Карцев подумал и сказал:
— Похож. На вас он тоже похож, но на него, пожалуй, больше.
— Ну вот и он то же самое всегда говорил. Да вы присядьте. — И она придвинула стул.
Карцев снял с плеч вещевой мешок и сел на стул. Помолчали. Потом женщина подошла к столу, взяла портрет в широкой рамке из какого-то светлого дерева. Она подала портрет Карцеву.
— Узнаете его? — спросила она. — Или за войну он изменился, ведь вы не знали его до войны?
На фотографии был изображен молодой мужчина в штатском; он улыбался, улыбка у него была добродушная, хорошая.

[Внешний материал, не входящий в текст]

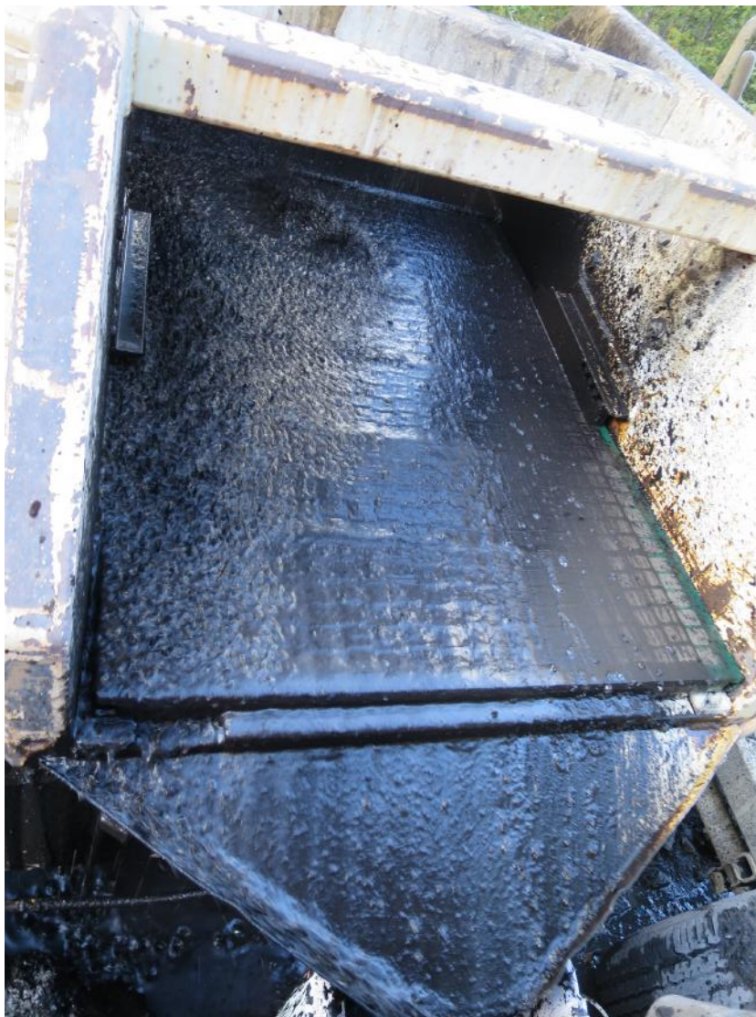
Figure 3 Coal cuttings flowing out of the drill hole during drilling (Photo 26 June 2018)

— Да, узнаю, — сказал Карцев. Потом подумал и добавил: — Нет, он совсем мало изменился. Знаете, он очень бодро держался.
Наступило молчание, и стало слышно, как поет в печке огонь и как в соседней комнате тикает метроном в репродукторе.
— Часто он меня вспоминал? — спросила женщина.
— Очень часто, — ответил Карцев. — Все хотел хоть на день приехать, да вот не удалось.
— И я его ждала все время, мне казалось: вот-вот приедет, хоть на день, да отпустят.
— Он вас очень любил, — сказал Карцев. — Все время о вас беспокоился. Сам-то тоже голодный был, а все для вас хлеб копил, думал привезти сам. Видите, сколько он для вас сберег, — промолвил Карцев и передал женщине вещевой мешок. — Тут и сахар даже есть.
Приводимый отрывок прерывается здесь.